Luo Laughter "I speak of Africa and golden joys"



Sunday, 26 February 2012

Ignore the automatic dating


BLOG 16,   23rd Feb.     Back to Nairobi.

Up betimes to complete my packing; then the last service in the little chapel, Alois presiding.  This joining the catholic fathers has made this trip so special.

Morris was due at 8.15; he came at 8.30 which panicked me slightly, as I had no shillingi left, and needed to go to the ATM to get some money to pay Morris and give him a tip.   We made the bus in good time, and Paul was there to say a final goodbye. 

The bus left late, after a long discussion about a spare tyre with a large area of wire showing through the rubber.  However, they decided it was better than nothingso I hoped they wouldn't have to use it !

Trip was the same as coming, only in reverse.  Very dusty and dry everywhere.  We stopped in Kericho for ten minutes, then went via Kabianga and Bomet to Narok.  I remembered our trip from Kabianga when it was a bumpy murram road, back to Kericho with Lizzie aged about 4 or 5, with a broken collar bone, and then when we got to the Tea Hospital, how she thought they were going to chop her hair off, because in order to put her in a figure of 8 strapping, the nurse had to lift up her pigtails out of the way ! 

Twenty minute stop in Narok.   Just time for the 10 bob high-type, surprisingly clean, but I still gave it the baby wipe treatment.

Going across the Maasai plains again, the wheat had all been harvested, and I noticed that vast areas have been ploughed, where once was dry bush.   With it being so dry and windy, I wonder if the powers that be, the agricultural experts, have remembered what happened in the US in the 1930's, when dry, windy weather blew away millions of tons of topsoil, creating the dust-bowl ?   Lots of spiralling columns of dust are going up and up into the sky, some carrying plastic rubbish several hundred feet into the sky.   Plastic bags and plastic bottles are everywhere, especially in and near the towns; if only Kenya had continued to use paper bags, and newspaper to wrap things, and glass bottles to collect liquids like milk, which is now sold in thin plastic bags.  The mobile phone has transformed Kenya; the plastic bag is destroying it.

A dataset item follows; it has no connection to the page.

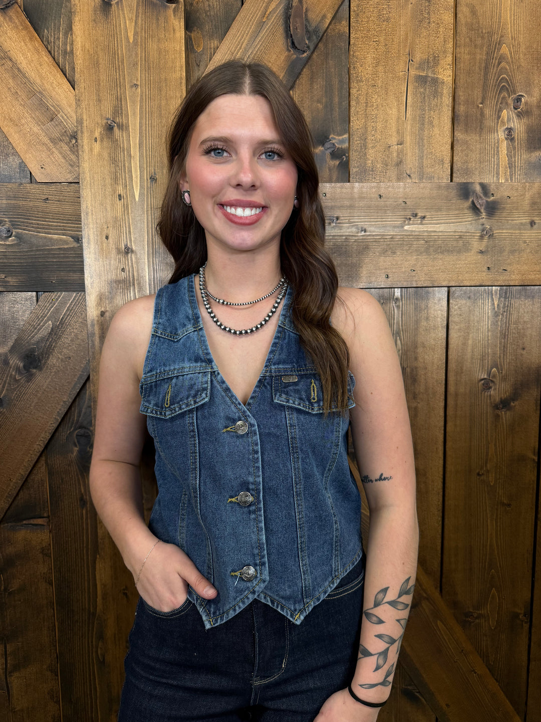 L&B Classic Mid Wash Button Down Denim Vest
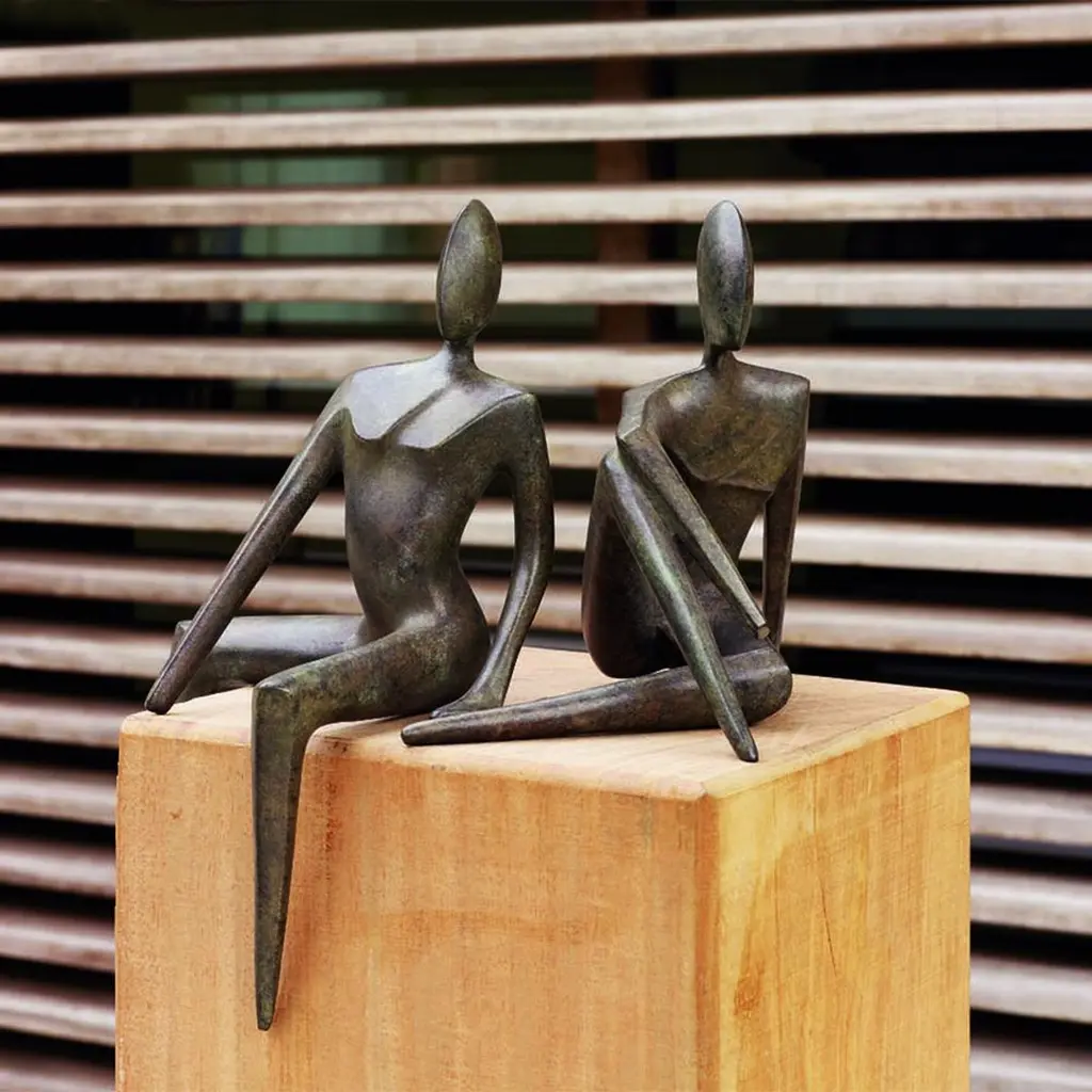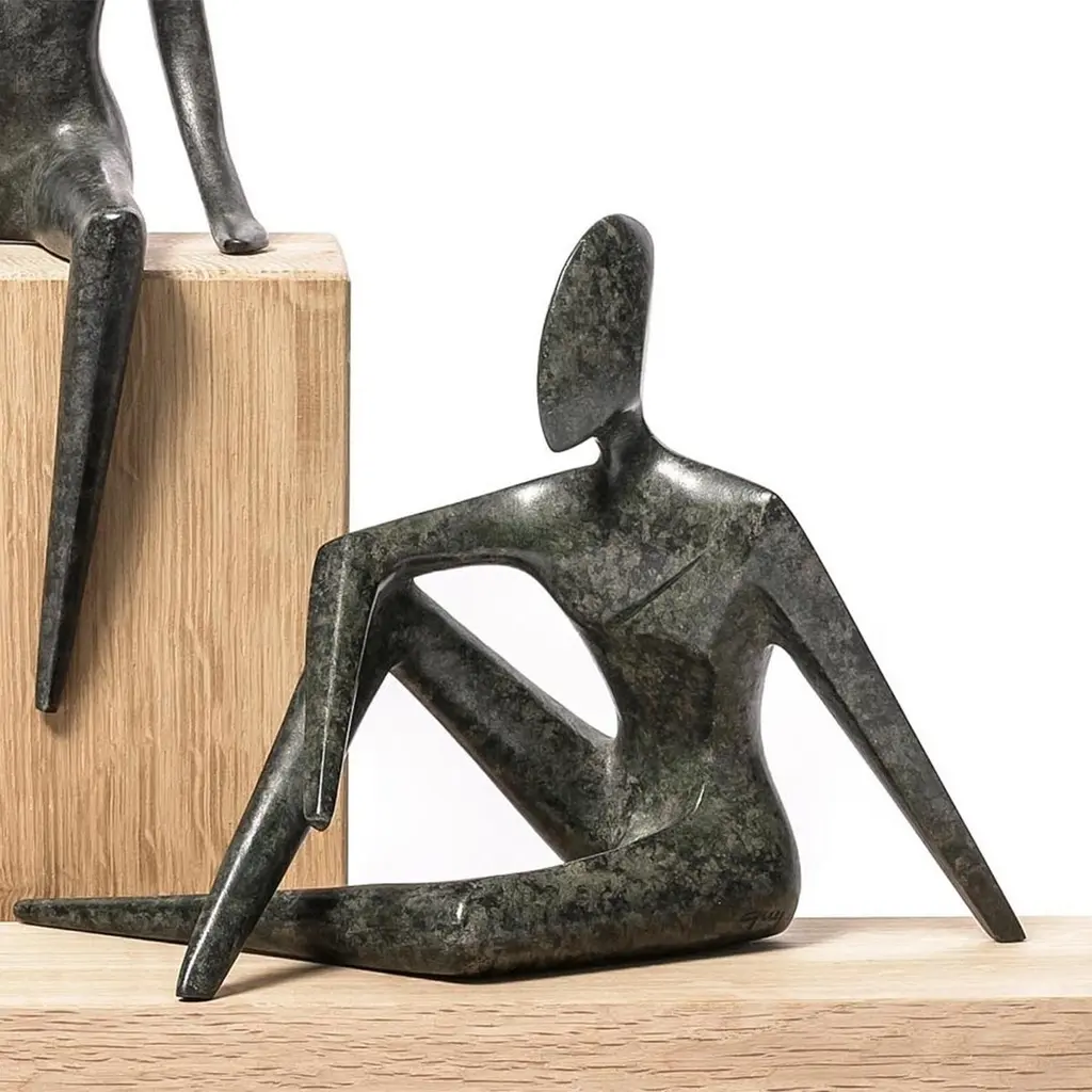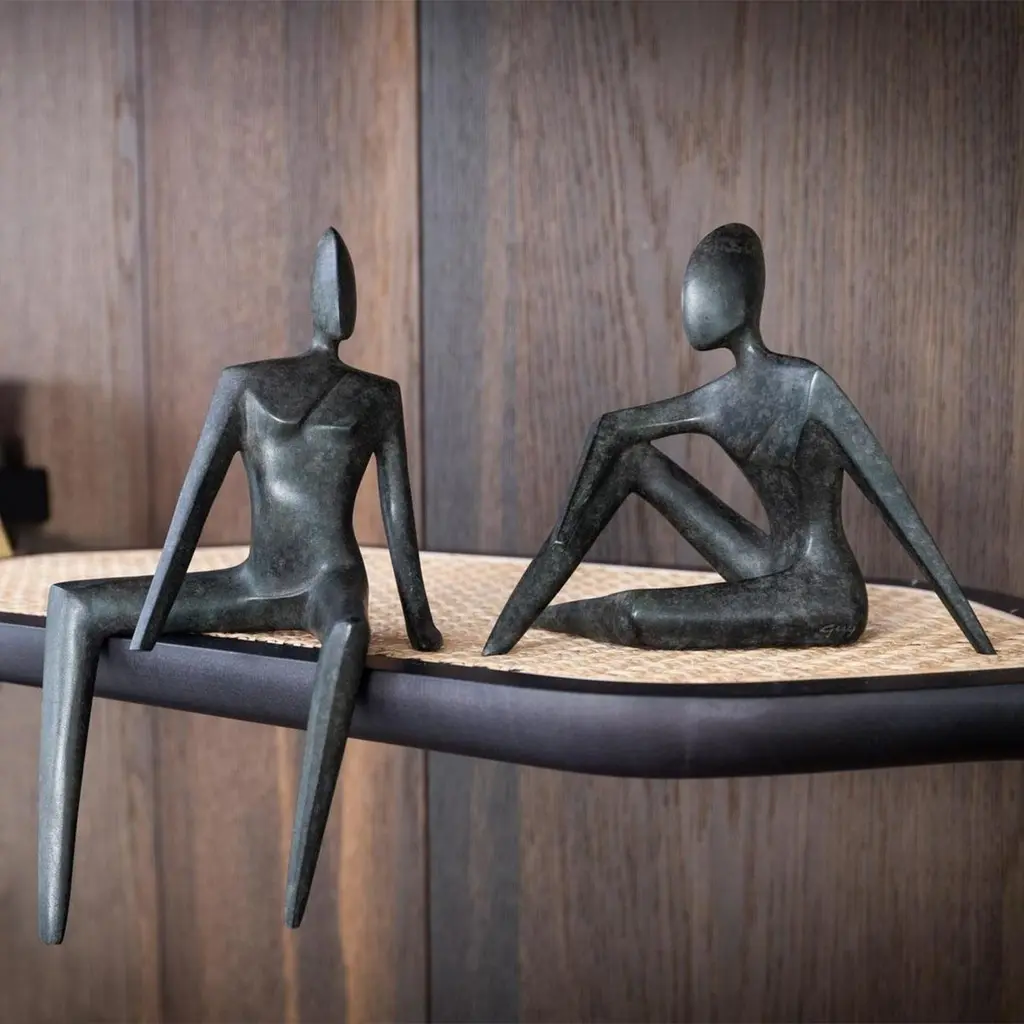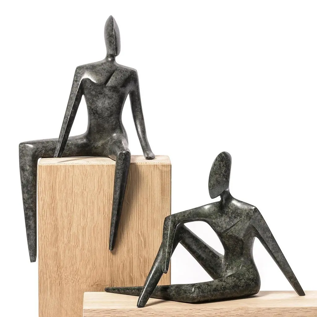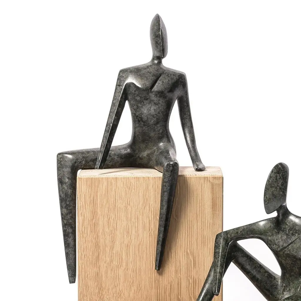 Sculpture Woman and Man Set of 2 all in solid bronze in dark green bronze finish.Woman: L15xD13xH28cm.Man: L21xD12xH15cm.Oak wood bases not included.

A few animals once past the farm area; impala and Grants gazelles, lots of baboons and a solitary zebra.  I suspect in a few years, even these will disappear. 

Into the outskirts of Nairobi, once climbed up the escarpment and the wonderful views across the Rift Valley, but with a brown haze of dust.    Rush hour, and the bus driver had to reverse the bus and try to find a way to Fire Station Lane (bus depot off River Road) as several roads were being repaired and rebuilt, causing chaos and traffic jams.   Nairobi has over 4,000,000 people living in it; and most of them seem to be moving around the congested city in rush hour.   One day, everything will come to a standstill !

Peterson met me from the bus, and took me back to the ASK guest house, where I had a really grotty room this time.  They need to upgrade seriously.  No lamp-shades, no bed side lamp, cold shower, a bathroom that needed the door opening outwards so one could sit on the loo with the door shut, and as for the looit had been installed tipping backwards, so what one did, didn't drop into the water 

Food was OK; I enjoyed myself Swede watchinga group of ten Swedish pensioners, all over-weight with bum-bags perched on their spare tyres (I can talk !), and who had obviously been to the Mara, for several of them were wearing Maasai necklaces which dangled in the soup.   Another Archbishop here, and an English ex-vicar from Worcester who had come for a three year stint to start a training centre and retreat house at Limuru.